RisiKo!
- RisiKo! board
- Publishers: Giochiclub (1968–1977) Editrice Giochi (1977–2016) Spin Master (2016–present)
- Years active: 1968–present
- Genres: Strategy game Board game War game
- Players: 3–6
- Setup time: 5–10 minutes
- Playing time: 35–300 minutes
- Chance: High (6 dice, cards)
- Skills: Strategy, tactics, negotiation

= RisiKo! =

Strategy game, variant of Risk

RisiKo! is an Italian strategy board game based on Risk. Unlike classic versions of Risk, the object of the game is the achievement of a predefined, secret target that is different for each player: the target can be either the conquest of a certain number of territories, of two or more continents, or the annihilation of one opponent.

==History==
RisiKo! derives from the 1957 French game La Conquête du Monde, better known worldwide as Risk.

The first Italian edition dates 1968, published by Milanese publisher Giochiclub that distributed games of several European companies and mixed features of different versions: the name RisiKo! derives from the German version Risiko; the rules were almost identical to the French version, with some notes in the manual taken from the Anglo-American edition; tokens were wooden cube-shaped.

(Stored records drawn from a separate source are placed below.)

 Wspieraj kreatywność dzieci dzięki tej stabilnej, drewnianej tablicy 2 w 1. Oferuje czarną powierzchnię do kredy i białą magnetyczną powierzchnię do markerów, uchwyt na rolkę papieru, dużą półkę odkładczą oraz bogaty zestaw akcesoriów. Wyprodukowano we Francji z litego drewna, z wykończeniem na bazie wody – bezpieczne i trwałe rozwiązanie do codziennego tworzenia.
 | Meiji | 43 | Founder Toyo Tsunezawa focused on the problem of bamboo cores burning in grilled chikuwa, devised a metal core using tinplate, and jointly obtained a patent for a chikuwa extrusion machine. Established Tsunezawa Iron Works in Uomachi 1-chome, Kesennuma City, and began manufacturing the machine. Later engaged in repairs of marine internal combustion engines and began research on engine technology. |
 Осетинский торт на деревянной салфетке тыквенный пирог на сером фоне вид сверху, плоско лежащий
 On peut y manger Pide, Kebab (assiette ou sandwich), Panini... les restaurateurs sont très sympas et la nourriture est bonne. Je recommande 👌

As in the first French edition, 3 dice were used for defense, initial forces were distributed more randomly, and players received one card at the beginning of their own turn as well as from conquering territories.

In 1973 Giochiclub published a new version with same rules, but introduced plastic tank-shaped and machinegun-shaped tokens (to represent one and five armies, respectively).

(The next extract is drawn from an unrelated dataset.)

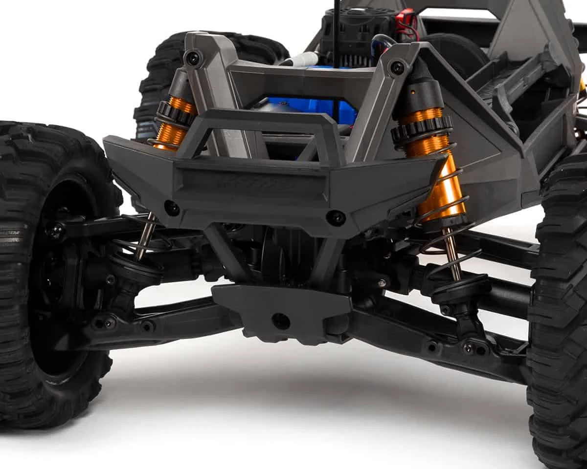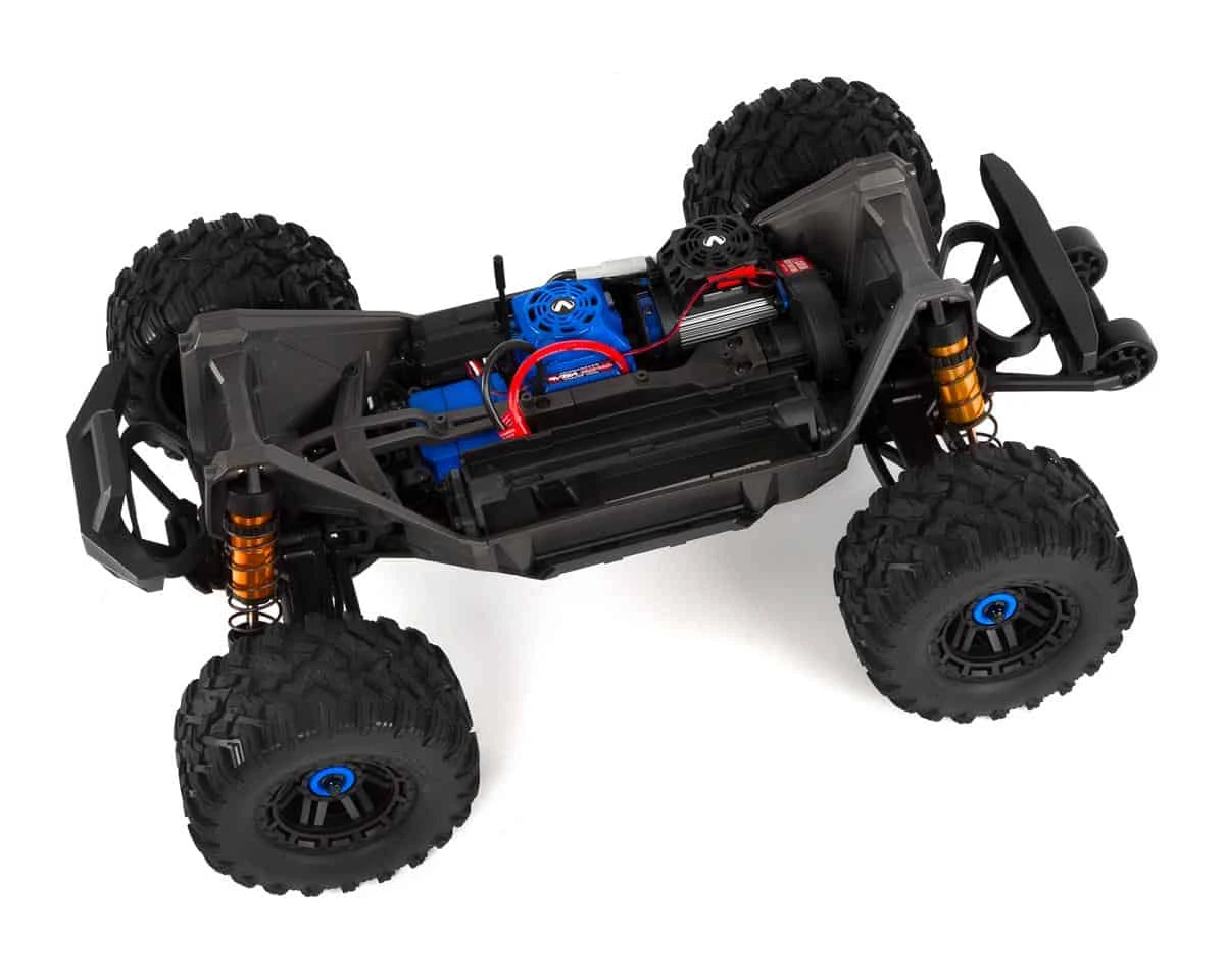 Traxxas Velineon brushless power hits hard with massive 4s punch and effortless wheelies on demand. Maxx feels like an unstoppable force of nature as top speeds reach an awe-inspiring 60+ mph.** Advanced 32-bit microprocessor-control constantly monitors the output for efficient, long-running performance. The high-output 540XL motor features a beefy, 5mm shaft, aluminum heat sink, and a powerful fan. Of course it’s all fully protected with Traxxas’ innovative waterproofing.

In 1977 Editrice Giochi became the exclusive publisher of RisiKo! and renovated the edition by adopting new rules, among which target cards (before the only aim was to conquer the entire world), the nineteenth-century style planisphere as in the American edition (but with a border between Middle East and China), the random distribution of the initial territories and the balanced distribution of initial armies already present in the European editions. Moreover, flag-shaped tokens were introduced instead of machinegun-shaped tokens to represent 10 armies.

==Features==
===Board===
The board in RisiKo! represents the world, divided into 42 territories across 6 continents.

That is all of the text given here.